Source United Nations

NEW YORK, U.S.-UN agency chiefs issued a call on Monday for global action to balance and optimize the health of people, animals and the environment, as part of a new “One Health” approach.

The heads of the Food and Agriculture Organization (FAO), the UN Environment Programme (UNEP), the World Health Organization (WHO) and the UN-backed World Organisation for Animal Health (WOAH) have come together in the face of multiple global emergencies - from COVID-19 to Ebola - continued threats of disease spillover between animals and humans, loss of biodiversity and climate change.

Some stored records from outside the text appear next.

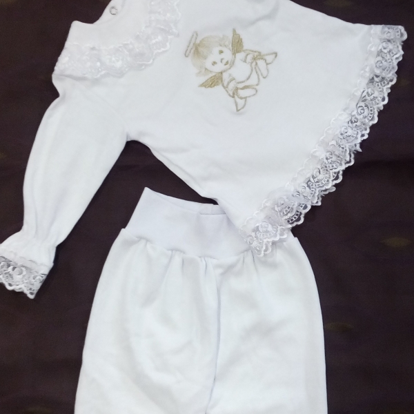 Костюм ясельный белый с серебристым ангелочком, р.22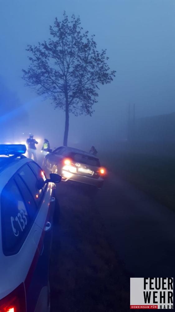 Freitagmorgen, halb 8, wurde eine Gruppe der Feuerwehr Hard zu einem Verkehrsunfall gerufen.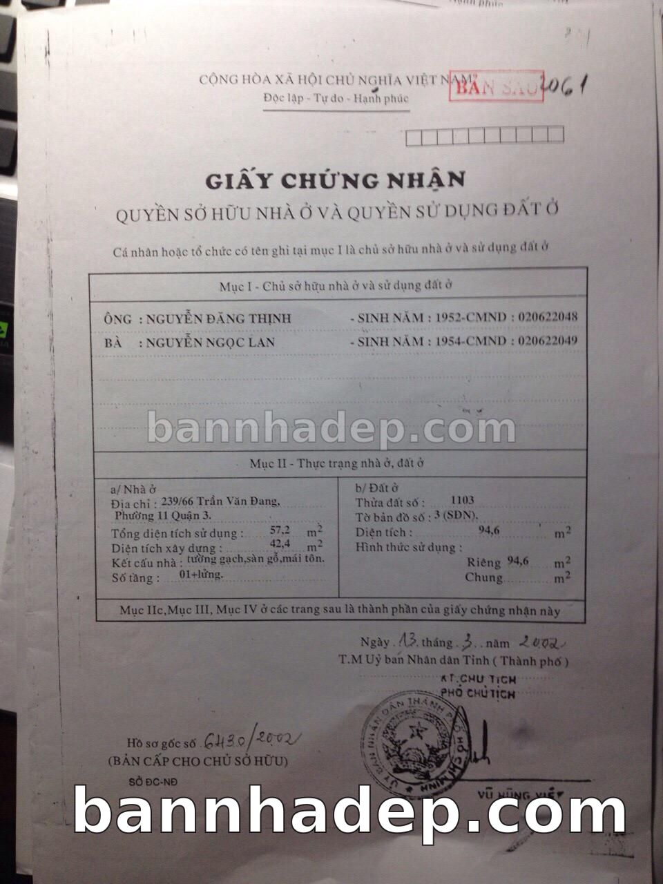 Bán nhà 1103 Hoàng Sa phường 01 quận 3
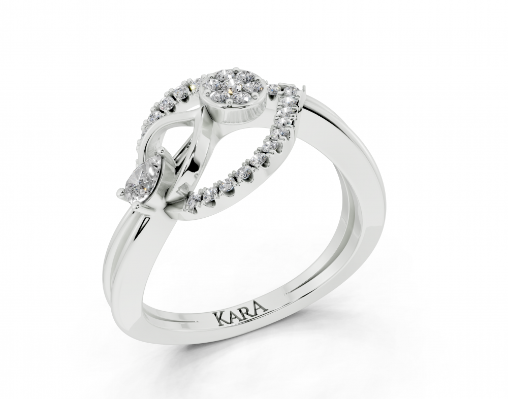 Inel din aur alb de 14K, cu diamante Pear Cut de 0.08 ct si diamante rotunde de 0.16 ct. Greutatea inelului este de aproximativ 3,00 grame.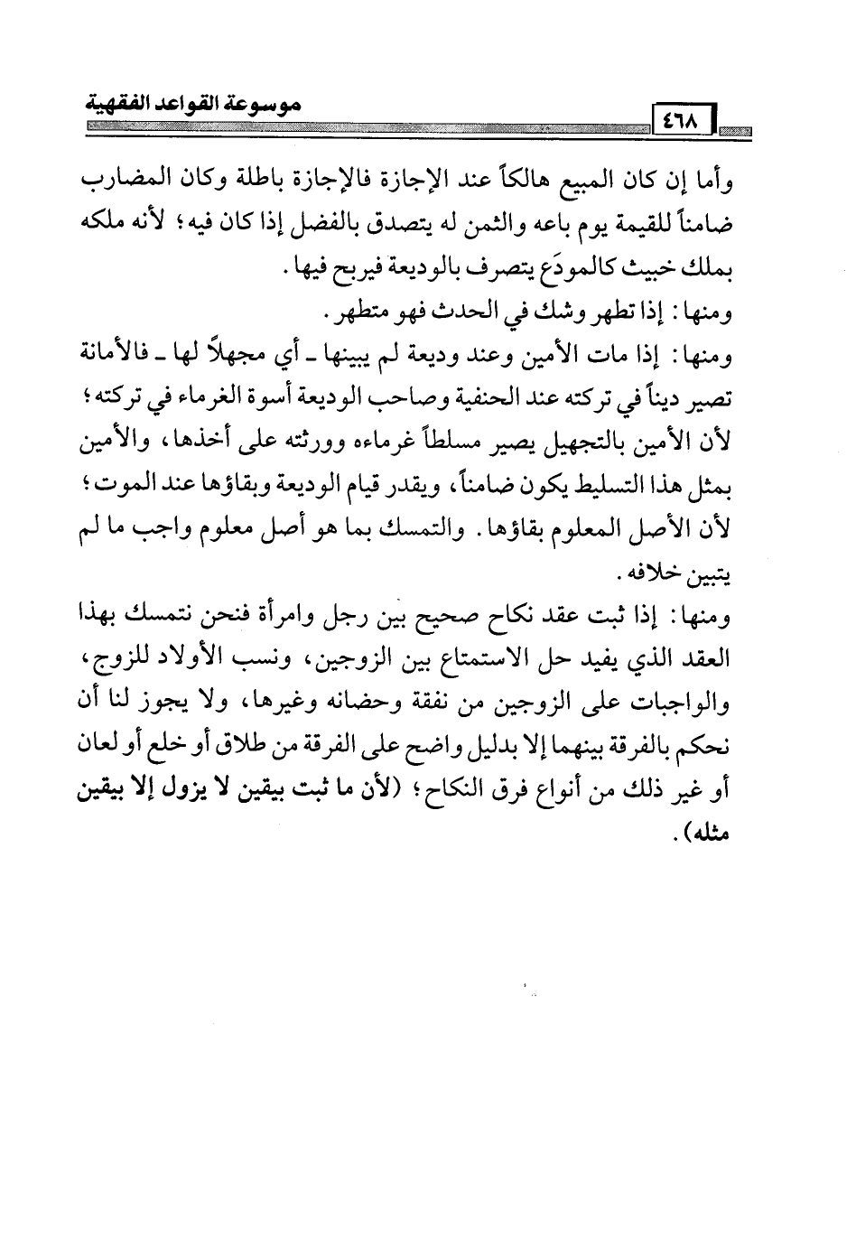 ومنها: إذا ثبت عقد نكاح صحيح بين رجل وامرأة فنحن نتمسك بهذا العقد الذي يفيد حل الاستمتاع بين الزوجين، ونسب الأولاد للزوج، والواجبات على الزوجين من نفقة وحضانة وغيرها، ولا يجوز لنا أن نحكم بالفرقة بينهما إلا بدليل واضح على الفرقة من طلاق أو خلع أو لعان أو غير ذلك من أنواع فرق النكاح؛ (لأن ما ثبت بيقين لا يزول إلا بيقين مثله).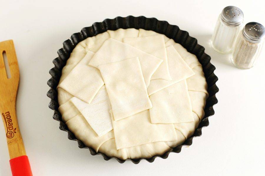 Тесто необходимо разморозить, раскатать и нарезать на полоски. Смажьте форму маслом и выложите полоски теста немного внахлест. Тщательно прижмите места стыков, чтобы сок от начинки в процессе запекания не вытекал.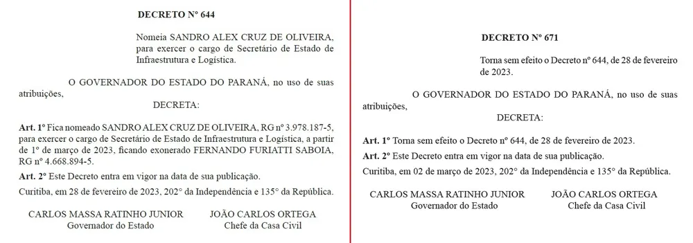 Sandro Alex foi confirmado chefe da pasta em 27 de fevereiro e o decreto de nomeação foi publicado no dia seguinte em Diário Oficial. Porém, no dia 2 de março, outro decreto anulou a nomeação.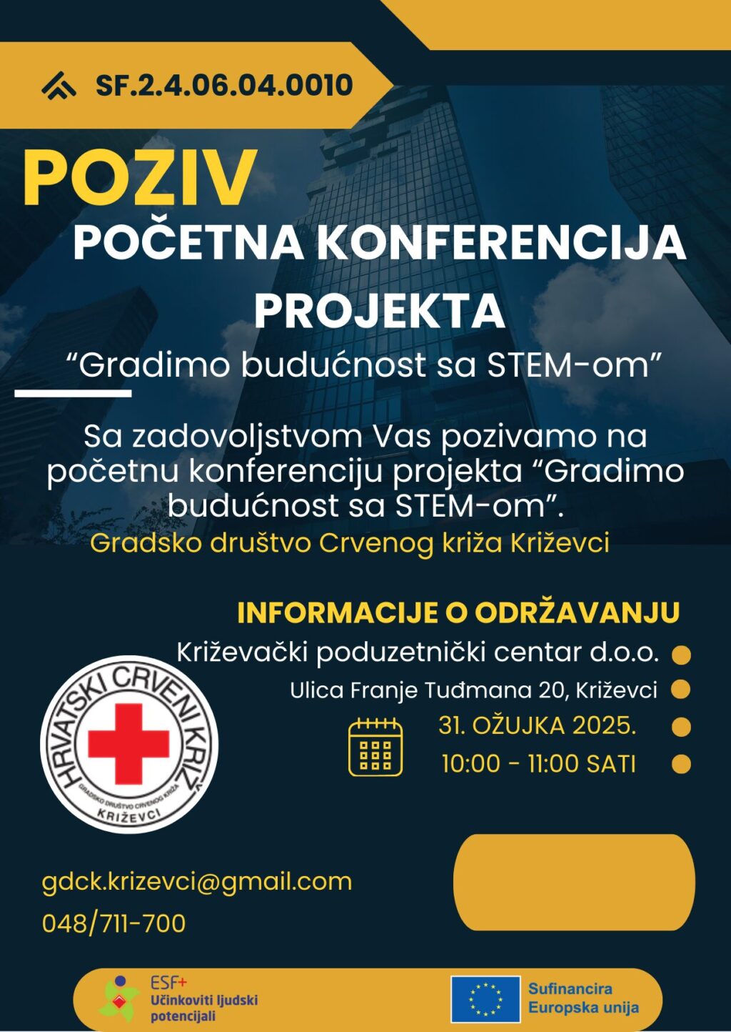 Gradsko društvo Crvenog križa Križevci organizira u ponedjeljak 31.3.2025. godine u 10:00 sati početnu konferenciju projekta „Gradimo budućnost sa STEM-om“. Projekt je apliciran na poziv Jačanje kapaciteta OCD-a za promociju STEM-a u okviru Europskog socijalnog fonda plus, Program učinkoviti ljudski potencijali 2021.-2027.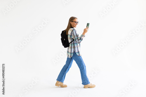 fun, person, 1, mobile, lovely, looking, portrait, isolated, happy, smartphone, girl, phone, female, photo, white, video, background, backpack, mobile phone, young, caucasian, brunette, call, woman, teenage, posing, pretty, student, wall, study

In a statement, WHO chief Tedros Adhanom Ghebreyesus, FAO chief QU Dongyu, UNEP Executive Director Inger Andersen, and WOHA’s head, Monique Eloit, stressed the need to prioritize “One Health” approaches, to invest in building workforces with cross-sectoral skills, and to prevent health threats at the source, with close attention paid to zoonotic diseases.

A guide on how to best implement these approaches will be published later this year.

Call to action

Stressing the need for enhanced collaboration and commitment to translate the One Health approach into policy action in all countries, the Quadripartite leaders urge all countries and key stakeholders to embrace seven priorities for action:

1. Prioritize One Health in terms of the international political agenda, making it a guiding principle in global mechanisms; including the new global pandemic accord being negotiated now.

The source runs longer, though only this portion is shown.